# A calculus of the absurd

#### 10.10 Derivatives of trigonometric functions

##### 10.10.1 Derivative of $$\sin (x)$$

What is the derivative of $$\sin (x)$$? First, we can use the definition of the limit and a little algebra.

\begin{align} \frac {d}{dx}[\sin (x)] &= \lim _{h\to 0} \frac {\sin (x+h) - \sin (x)}{h} \\ &= \lim _{h\to 0} \frac {\sin (x)\cos (h) + \sin (h)\cos (x) - \sin (x)}{h} \end{align}

We want to rewrite this in terms of the two limits we found in the previous section!

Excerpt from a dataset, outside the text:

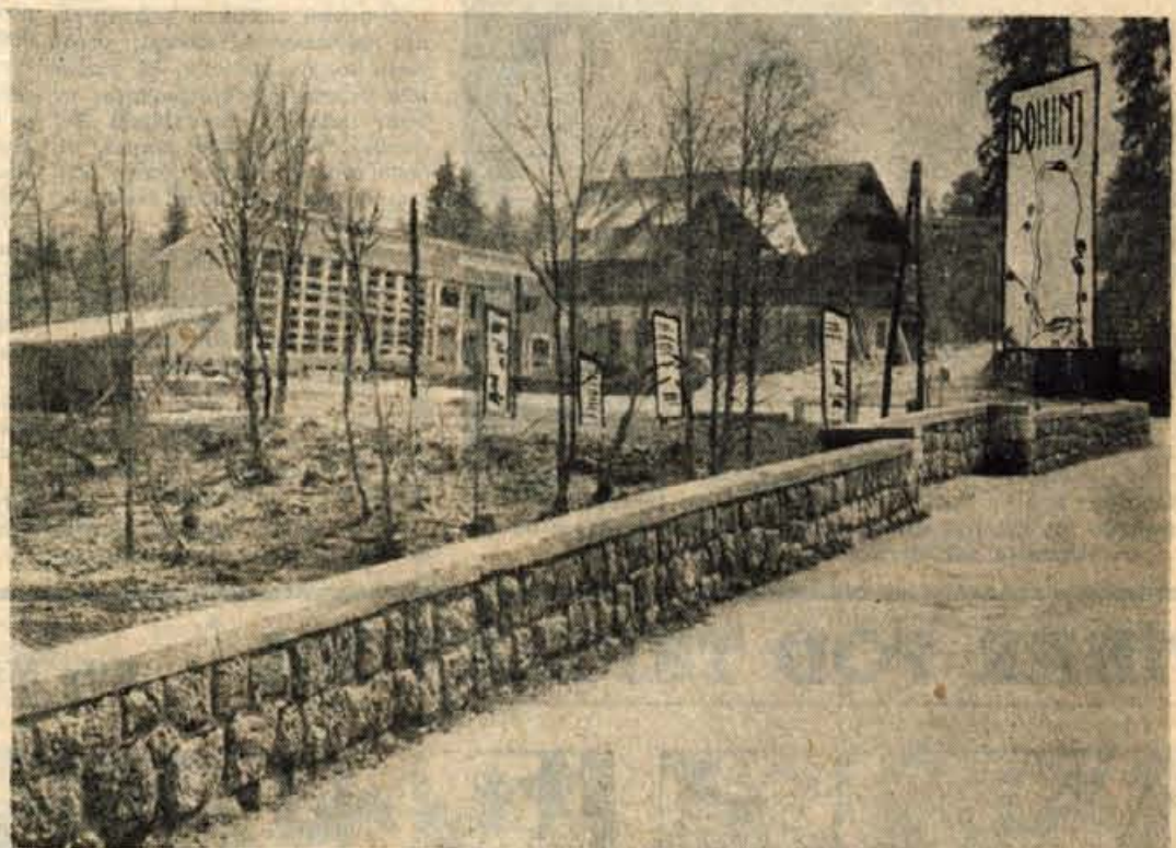
Pogled na novo poslopje ob hotelu »Jezero« v Bohinju

Pri Lescah, kjer se odcepi pot proti Bledu, smo imeli kratko postajo. Sofer si je založil za motor novega goriva pri bencinski črpalki.

\begin{align*} \lim _{h\to 0} \frac {\sin (x)\cos (h) + \sin (h)\cos (x) - \sin (x)}{h} &= \lim _{h\to 0} \left [\frac {\sin (x)(\cos (h)-1)}{h} + \frac {\sin (h)}{h}\cos (x)\right ] \\ &= \lim _{h\to 0} \left [-\sin (x)\frac {(1-\cos (h))}{h} + \frac {\sin (h)}{h}\cos (x)\right ] \\ &= \lim _{h\to 0} \left [0 + 1\cos (x)\right ] \\ &= \cos (x) \end{align*}